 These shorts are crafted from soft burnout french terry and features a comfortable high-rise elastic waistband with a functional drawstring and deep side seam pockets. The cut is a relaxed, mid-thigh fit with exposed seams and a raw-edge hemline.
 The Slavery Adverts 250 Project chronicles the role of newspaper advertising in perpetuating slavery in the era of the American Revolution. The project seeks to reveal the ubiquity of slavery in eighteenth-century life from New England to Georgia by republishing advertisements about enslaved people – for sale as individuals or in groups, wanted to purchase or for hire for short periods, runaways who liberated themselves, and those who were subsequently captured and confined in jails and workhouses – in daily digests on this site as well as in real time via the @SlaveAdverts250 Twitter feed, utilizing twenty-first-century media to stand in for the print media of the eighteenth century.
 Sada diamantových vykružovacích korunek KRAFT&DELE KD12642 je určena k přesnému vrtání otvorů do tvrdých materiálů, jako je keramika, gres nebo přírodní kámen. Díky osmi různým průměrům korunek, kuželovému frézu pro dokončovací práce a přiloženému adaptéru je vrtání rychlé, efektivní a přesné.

* * *

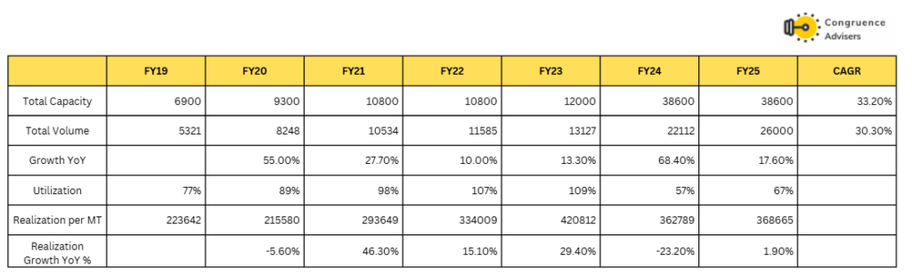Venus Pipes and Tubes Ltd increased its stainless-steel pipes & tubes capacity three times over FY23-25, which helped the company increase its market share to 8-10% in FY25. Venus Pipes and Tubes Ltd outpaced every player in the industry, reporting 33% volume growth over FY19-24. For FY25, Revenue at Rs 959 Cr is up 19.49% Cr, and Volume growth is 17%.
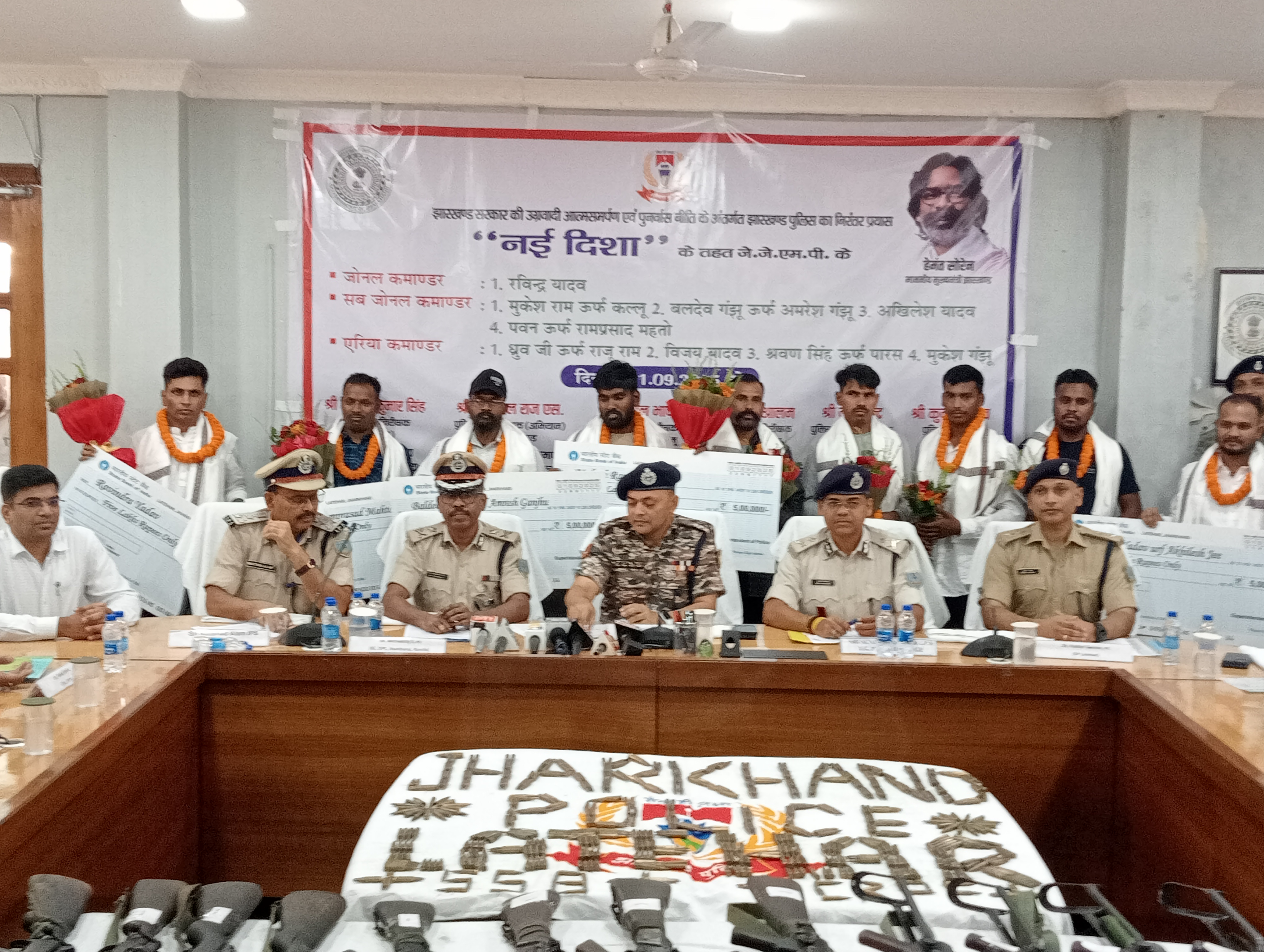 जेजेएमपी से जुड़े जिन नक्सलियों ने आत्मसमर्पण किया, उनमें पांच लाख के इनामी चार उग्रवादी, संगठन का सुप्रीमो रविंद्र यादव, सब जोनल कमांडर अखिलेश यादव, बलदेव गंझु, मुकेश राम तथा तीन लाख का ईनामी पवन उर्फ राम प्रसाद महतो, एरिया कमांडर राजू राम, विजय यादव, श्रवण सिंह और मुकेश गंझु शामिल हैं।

---

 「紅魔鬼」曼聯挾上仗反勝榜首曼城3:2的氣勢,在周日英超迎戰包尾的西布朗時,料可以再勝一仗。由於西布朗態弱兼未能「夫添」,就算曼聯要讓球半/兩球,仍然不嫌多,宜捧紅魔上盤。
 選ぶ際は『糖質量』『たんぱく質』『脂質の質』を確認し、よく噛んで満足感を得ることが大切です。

What you should do
Go through the records and pull out each line that includes the word "from".

Response to the exercise
 These shorts are crafted from soft burnout french terry and features a comfortable high-rise elastic waistband with a functional drawstring and deep side seam pockets. The cut is a relaxed, mid-thigh fit with exposed seams and a raw-edge hemline.
 The Slavery Adverts 250 Project chronicles the role of newspaper advertising in perpetuating slavery in the era of the American Revolution. The project seeks to reveal the ubiquity of slavery in eighteenth-century life from New England to Georgia by republishing advertisements about enslaved people – for sale as individuals or in groups, wanted to purchase or for hire for short periods, runaways who liberated themselves, and those who were subsequently captured and confined in jails and workhouses – in daily digests on this site as well as in real time via the @SlaveAdverts250 Twitter feed, utilizing twenty-first-century media to stand in for the print media of the eighteenth century.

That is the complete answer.